- PROVIDED DATA -

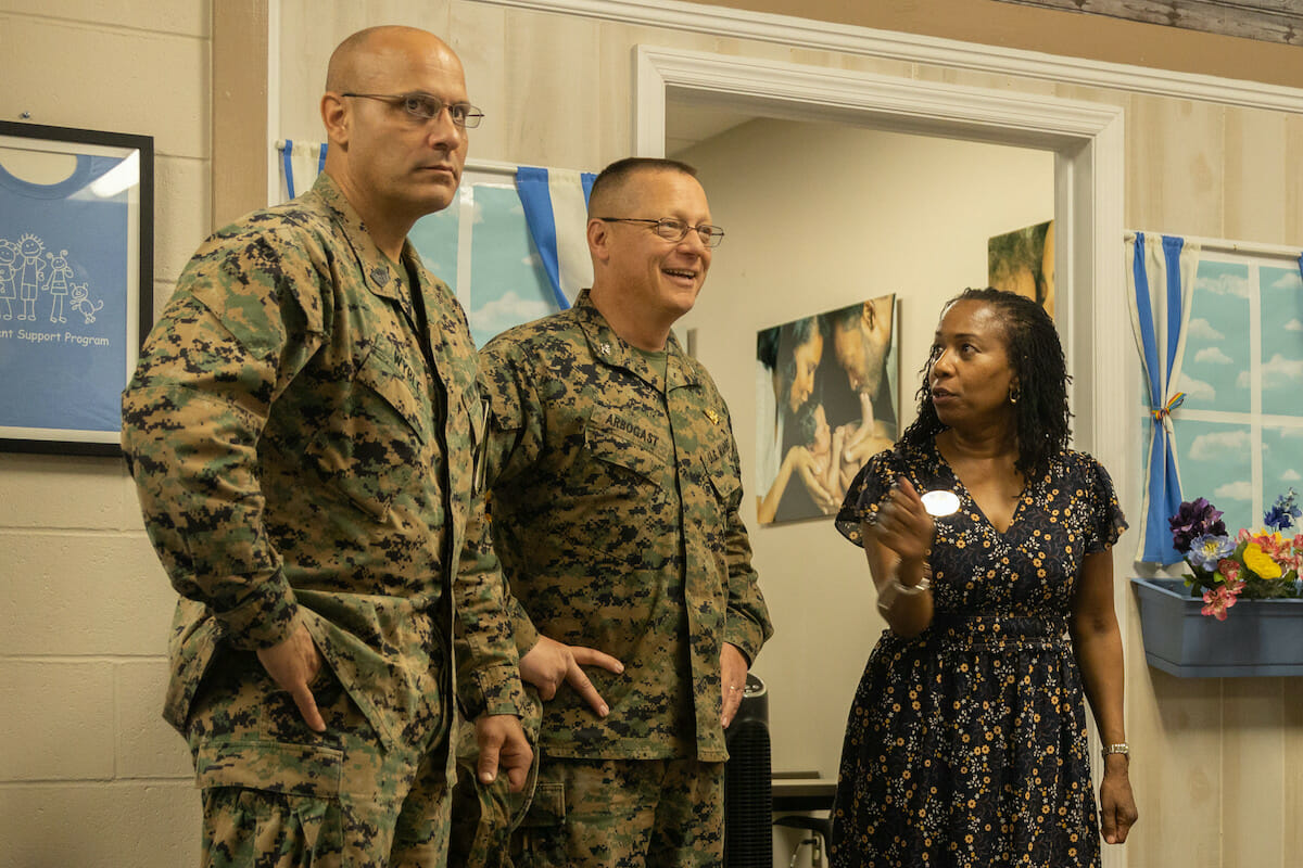 U.S. Marine Corps Col. Karl Arbogast, commanding officer, Marine Corps Air Station (MCAS) Beaufort, and Sgt. Maj. Jonathan Wyble, sergeant major, MCAS Beaufort, receive a tour Thursday, Dec. 8, of the New Parent Support Program’s playroom and baby bootcamp classroom at MCAS Beaufort from Glenda Mitchell, Family Advocacy Program, new parent support program acting supervisor. The New Parent Support Program hosts weekly play mornings, which allows children the opportunity to experience peer-to-peer interaction and allows parents to build social support with one another. Photos by Sgt. Cheyeanne Campbell/USMC
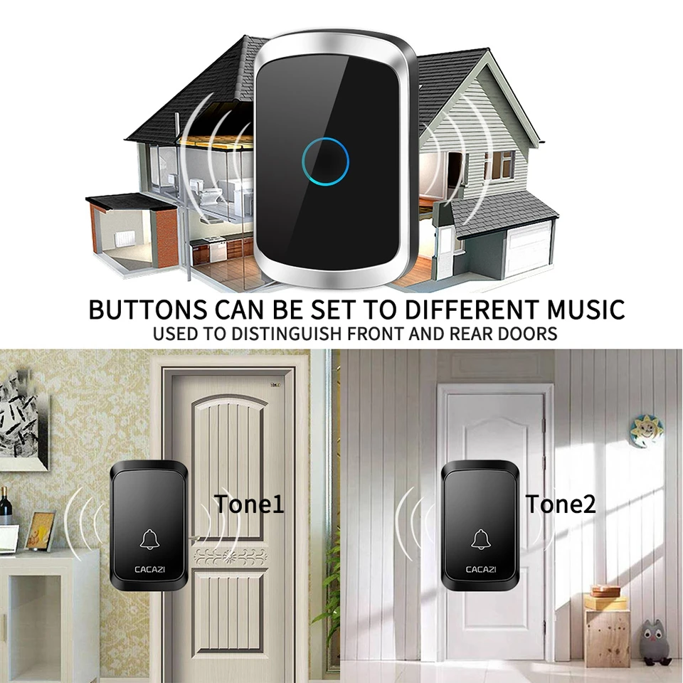 Беспроводной дверной звонок 300 м с дистанционным управлением, 2 кнопки, 6 приемников, водонепроницаемый, умный, светодиодный, домашний, дверной звонок, беспроводной, 58 колокольчиков
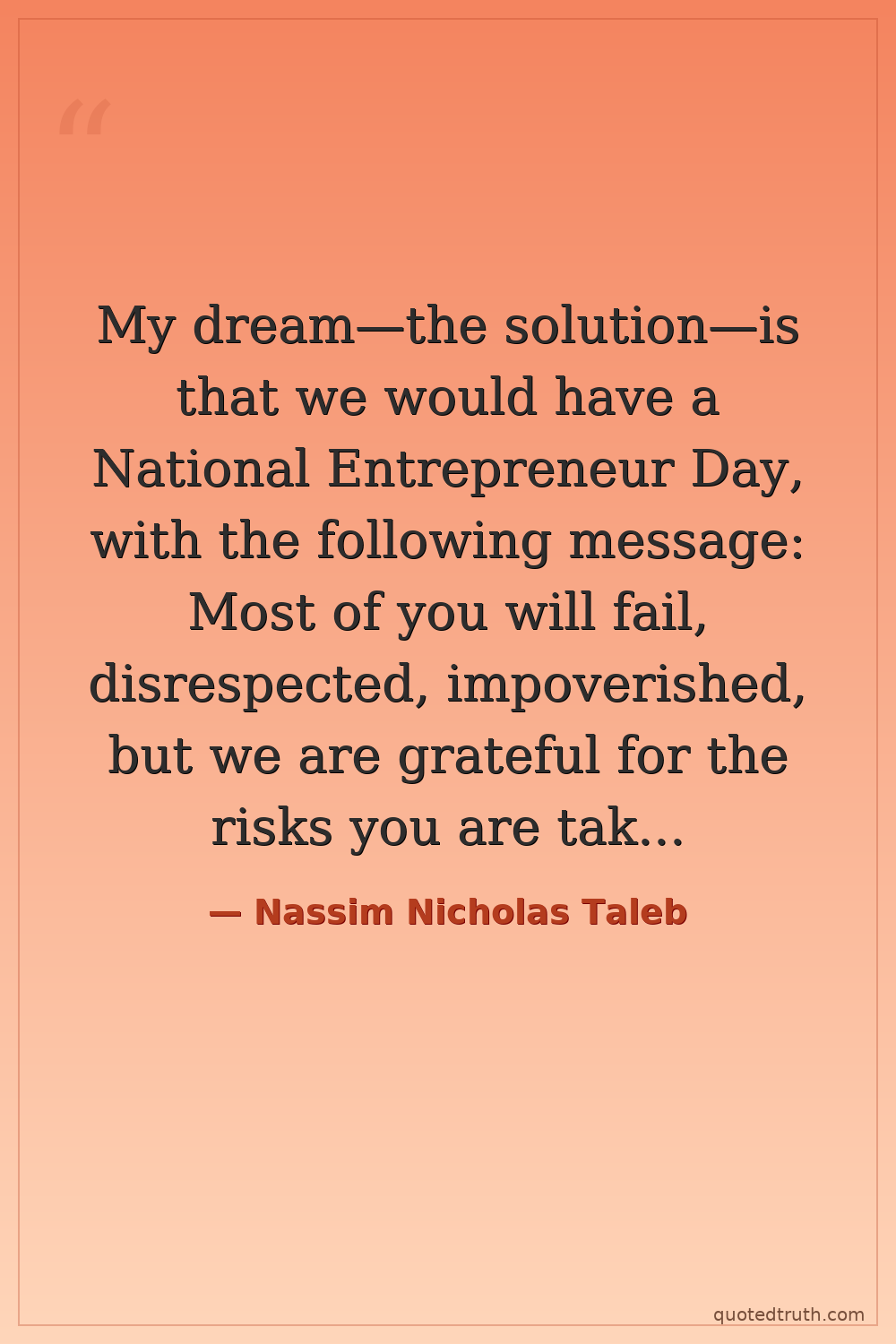 My dream—the solution—is that we would have a National Entrepreneur Day, with the following message: Most of you will fail, disrespected, impoverished, but we are grateful for the risks you are taking and the sacrifices you are making for the sake of the economic growth of the planet and pulling others out of poverty. You are at the source of our antifragility. Our nation thanks you.
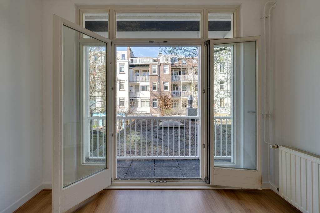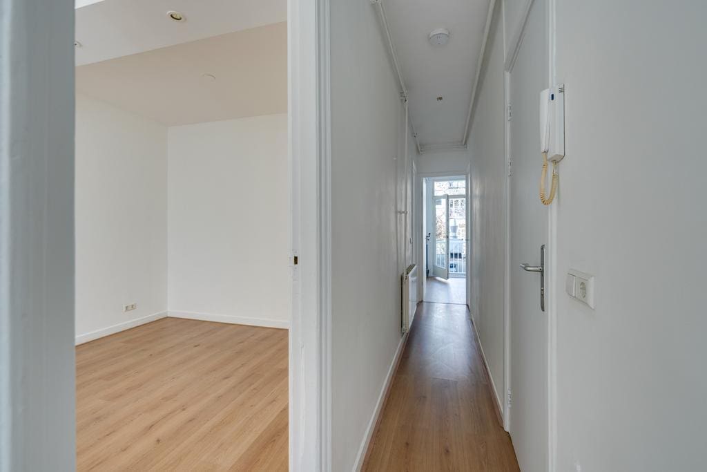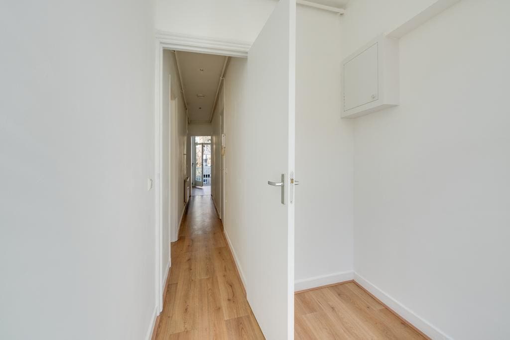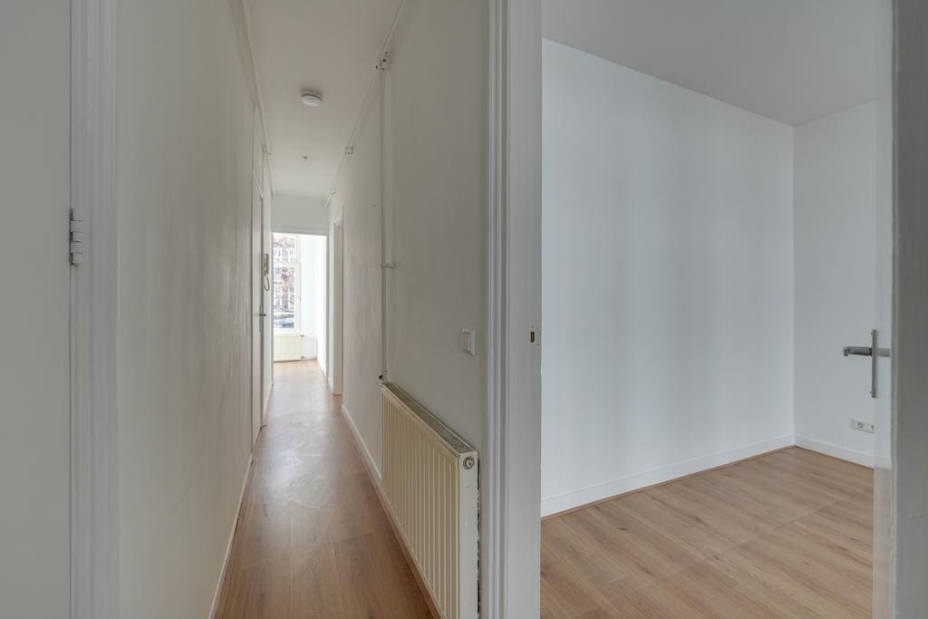 The hallway provides access to all rooms. At the front is the spacious, bright living room with recessed lighting, which, thanks to the large windows, allows plenty of natural light and offers a lovely view of Javastraat. Adjacent is the first (bed)room, which is ideal as a work or study room. In the center of the apartment is the bathroom with a shower and toilet, and at the rear of the apartment are the well sized second bedroom and the kitchen. Both rooms provide access to the balcony that stretches across the full width of the apartment.

- TASK DIRECTIONS -
Output the data verbatim, images excluded.

- THE COMPLETED TASK -
 U.S. Marine Corps Col. Karl Arbogast, commanding officer, Marine Corps Air Station (MCAS) Beaufort, and Sgt. Maj. Jonathan Wyble, sergeant major, MCAS Beaufort, receive a tour Thursday, Dec. 8, of the New Parent Support Program’s playroom and baby bootcamp classroom at MCAS Beaufort from Glenda Mitchell, Family Advocacy Program, new parent support program acting supervisor. The New Parent Support Program hosts weekly play mornings, which allows children the opportunity to experience peer-to-peer interaction and allows parents to build social support with one another. Photos by Sgt. Cheyeanne Campbell/USMC
 Беспроводной дверной звонок 300 м с дистанционным управлением, 2 кнопки, 6 приемников, водонепроницаемый, умный, светодиодный, домашний, дверной звонок, беспроводной, 58 колокольчиков
 My dream—the solution—is that we would have a National Entrepreneur Day, with the following message: Most of you will fail, disrespected, impoverished, but we are grateful for the risks you are taking and the sacrifices you are making for the sake of the economic growth of the planet and pulling others out of poverty. You are at the source of our antifragility. Our nation thanks you.
 The hallway provides access to all rooms. At the front is the spacious, bright living room with recessed lighting, which, thanks to the large windows, allows plenty of natural light and offers a lovely view of Javastraat. Adjacent is the first (bed)room, which is ideal as a work or study room. In the center of the apartment is the bathroom with a shower and toilet, and at the rear of the apartment are the well sized second bedroom and the kitchen. Both rooms provide access to the balcony that stretches across the full width of the apartment.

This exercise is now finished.